FreelanceReinh · Posted 11-03-2019 04:26 PM

@AJ_Brien wrote:

It runs well the first time, however when I run the code the 2nd, 3rd etc. time (from the 'rerun from here' sign till the end), seems like a few observations are being marked as 'T' even though they are not a part of the proc surveyselect output. Why would that be happening even when I use a fresh dat2 dataset to begin my sampling process.

With the test data you posted this should not happen and it did not happen in test runs on my computer. However, it would likely happen more or less often if variable PROD was not a unique key in dataset DAT1, but had duplicate values: In this case the subquery in the PROC SQL step would typically select more observations than had been selected by PROC SURVEYSELECT (because it would add those observations which share PROD values with observations in SAMPLE11, but which are not contained in SAMPLE11).

Another possible explanation for the additional "T" records is that the DATA step copying DAT1 to DAT2 did not run for some reason.

That said, I would also suggest simplifying the code. The two steps below could essentially replace everything after the first and before the last step of your code.

proc surveyselect data = dat1
  rate = .5
  seed = 0 out = sample11;
run;

proc sql;
create table dat2 as
select *, case when prod in (select prod from sample11)
               then 'T' else 'C' end as TC
from dat1;
quit;

I used the (SAMP)RATE= option of PROC SURVEYSELECT to draw a 50% random sample (method=SRS is the default) from DAT1 directly. (After all, DAT2 in your code is only a copy of DAT1 at that point.) The PROC SQL step obviates the need for an additional DATA step to set TC='C' for the records outside the random sample.

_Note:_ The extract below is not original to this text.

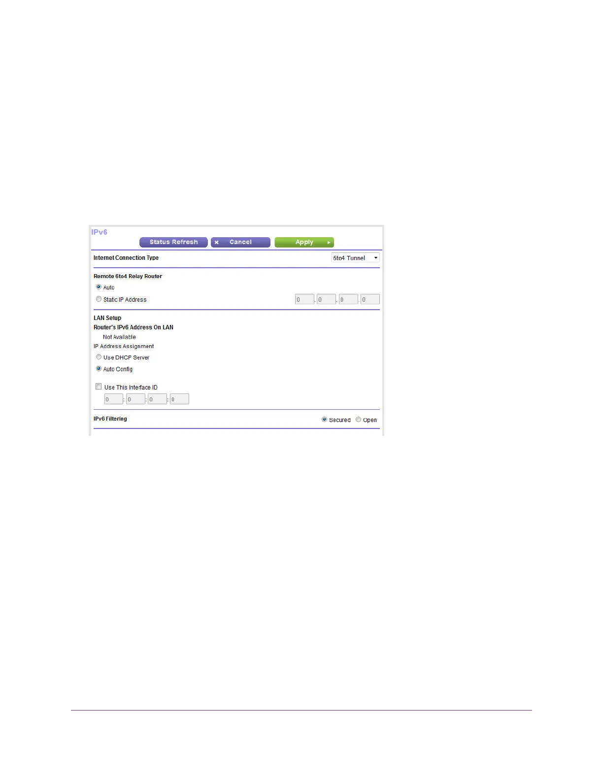 • Use DHCP Server. This method passes more information to LAN devices but some IPv6 systems

Alternatively, dataset DAT2 could even be created (without PROC SURVEYSELECT) in a single DATA step (using the RANUNI or better the RAND function; see the link in my previous post).

View solution in original post

FreelanceReinh · Posted 11-02-2019 03:20 PM

Hello @AJ_Brien,

@AJ_Brien wrote: My question here is, usually everytime I run ranuni, I get different test and control samples, but that's not the case with surveyselect. same accounts get selected for test and control when i use surveyselect. Is there a way to solve for that?

You obtain repeatable results with positive seed values and varying results with nonpositive seed values. This is true for both RANUNI and PROC SURVEYSELECT.

I tried changing the seed value using ranuni within surveyselect but get an error, didn't think seed value expected a dataset!?!
data _null_;
sasrand=ranuni(time());
run;

proc surveyselect data = dat1 method = SRS 
  sampsize = 2 seed = sasrand out = hsbs1;
  id _all_;
run;
Error in this case:

ERROR: File WORK.SASRAND.DATA does not exist.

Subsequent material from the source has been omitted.